- Directed by: Mario Soldati
- Written by: Enrico Blasi Mario Monicelli Steno Bernardino Zapponi
- Produced by: Niccolò Theodoli
- Starring: Walter Chiari Lucia Bosè Aroldo Tieri
- Cinematography: Mario Montuori
- Edited by: Roberto Cinquini
- Music by: Mario Nascimbene
- Production company: Industrie Cinematografiche Sociali
- Distributed by: Industrie Cinematografiche Sociali
- Release date: 8 September 1951;
- Running time: 101 minutes
- Country: Italy
- Language: Italian

= It's Love That's Ruining Me =

1951 film

It's Love That's Ruining Me (Italian: È l'amor che mi rovina) is a 1951 Italian comedy film directed by Mario Soldati and starring Walter Chiari, Lucia Bosè and Aroldo Tieri.

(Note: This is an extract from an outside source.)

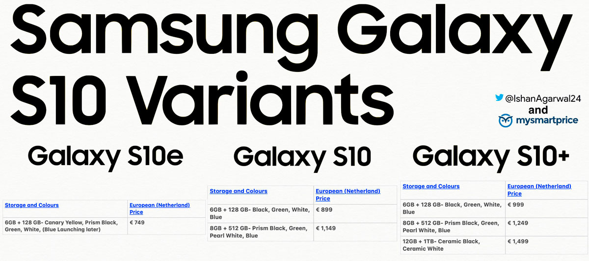 El modelo más modesto y económico sería el Samsung Galaxy S10e, con una combinación de 6 GB de memoria RAM + 128 GB de almacenamiento interno, por un precio de 749 euros. Además, estaría disponible en cinco colores (amarillo, negro, verde, blanco y posteriormente en azul).
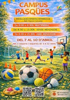 El Ayuntamiento de Sagunto favorecerá la conciliación familiar durante el 7, 8, 9 y 10 de abril con el Campus Pasqües, la Escola Pascua y el DiverPascua. Estos tres programas están organizados por las concejalías de Actividad Física, Salud y Deportes, de Juventud e Infancia y de Servicios Sociales, respectivamente.

The film's sets were designed by the art director Guido Fiorini. Shooting took place in Turin and at the ski resort of Sestriere in the Alps. It earned around 137 million lira at the Italian box office.

==Synopsis==
Walter, a salesman in a sports shop who is far from sporty, falls in love with the ski instructor Clara. In order to try and woo her he follows Clara to a ski resort where he gets mixed up with network of foreign spies trying to smuggle a stolen explosive out of the country.

==Cast==
- Walter Chiari as Walter Palaccioni
- Lucia Bosé as Clara Montesi
- Aroldo Tieri as Carlo
- Eduardo Ciannelli as Capo delle spie
- Jackie Frost as Olga Voronowska
- Virgilio Riento as Proprietario Negozio

==Bibliography==
- Aprà, Adriano. The Fabulous Thirties: Italian cinema 1929-1944. Electa International, 1979.
- Chiti, Roberto & Poppi, Roberto. Dizionario del cinema italiano: Dal 1945 al 1959. Gremese Editore, 1991.